**Task details:** Would you copy the listing below exactly, keeping the pictures out?

**Recorded data:**
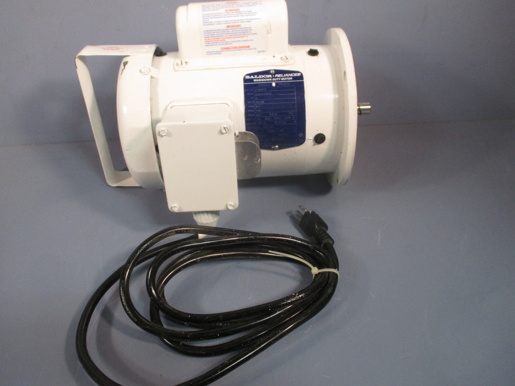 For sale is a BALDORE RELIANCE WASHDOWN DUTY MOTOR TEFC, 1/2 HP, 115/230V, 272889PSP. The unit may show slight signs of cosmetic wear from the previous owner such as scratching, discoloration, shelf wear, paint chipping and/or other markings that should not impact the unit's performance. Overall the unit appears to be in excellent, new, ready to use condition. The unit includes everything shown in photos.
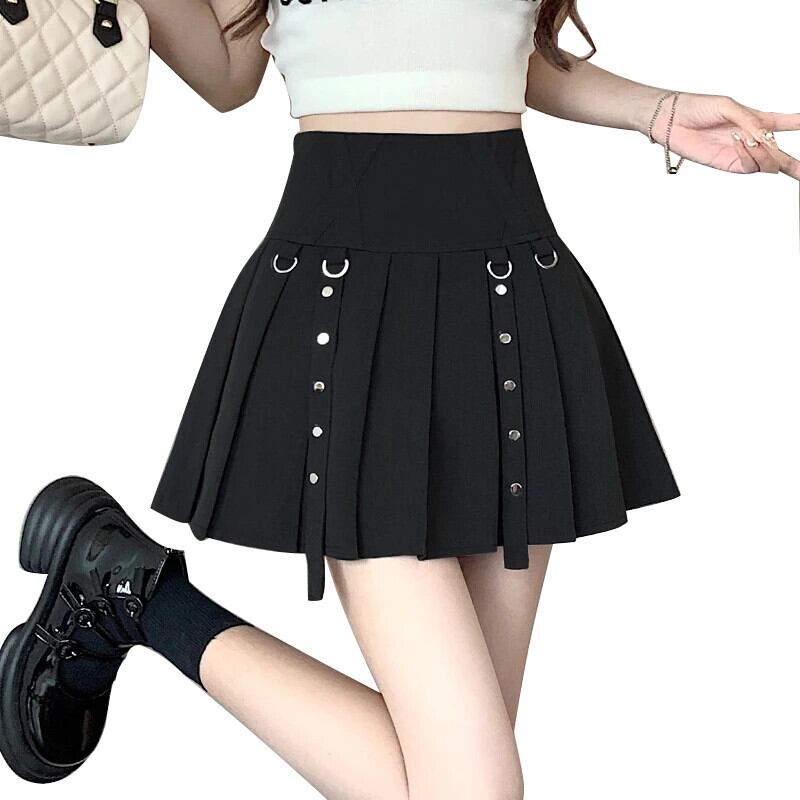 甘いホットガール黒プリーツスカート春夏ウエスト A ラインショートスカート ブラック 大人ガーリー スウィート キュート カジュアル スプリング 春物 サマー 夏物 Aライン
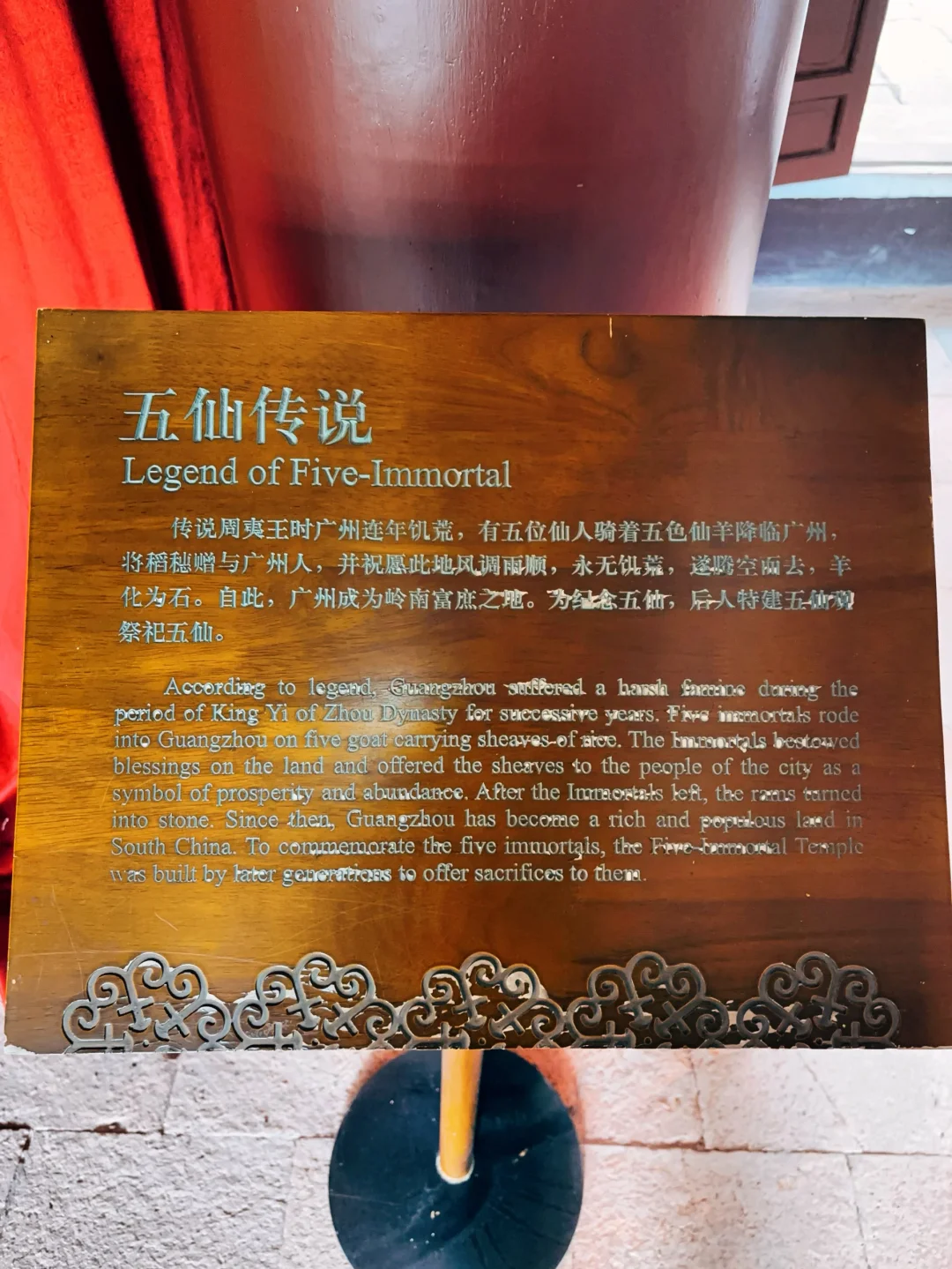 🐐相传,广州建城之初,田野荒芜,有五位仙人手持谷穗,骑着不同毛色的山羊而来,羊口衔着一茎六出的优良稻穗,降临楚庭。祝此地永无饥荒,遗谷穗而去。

**Exercise output:**
 For sale is a BALDORE RELIANCE WASHDOWN DUTY MOTOR TEFC, 1/2 HP, 115/230V, 272889PSP. The unit may show slight signs of cosmetic wear from the previous owner such as scratching, discoloration, shelf wear, paint chipping and/or other markings that should not impact the unit's performance. Overall the unit appears to be in excellent, new, ready to use condition. The unit includes everything shown in photos.
 甘いホットガール黒プリーツスカート春夏ウエスト A ラインショートスカート ブラック 大人ガーリー スウィート キュート カジュアル スプリング 春物 サマー 夏物 Aライン
 🐐相传,广州建城之初,田野荒芜,有五位仙人手持谷穗,骑着不同毛色的山羊而来,羊口衔着一茎六出的优良稻穗,降临楚庭。祝此地永无饥荒,遗谷穗而去。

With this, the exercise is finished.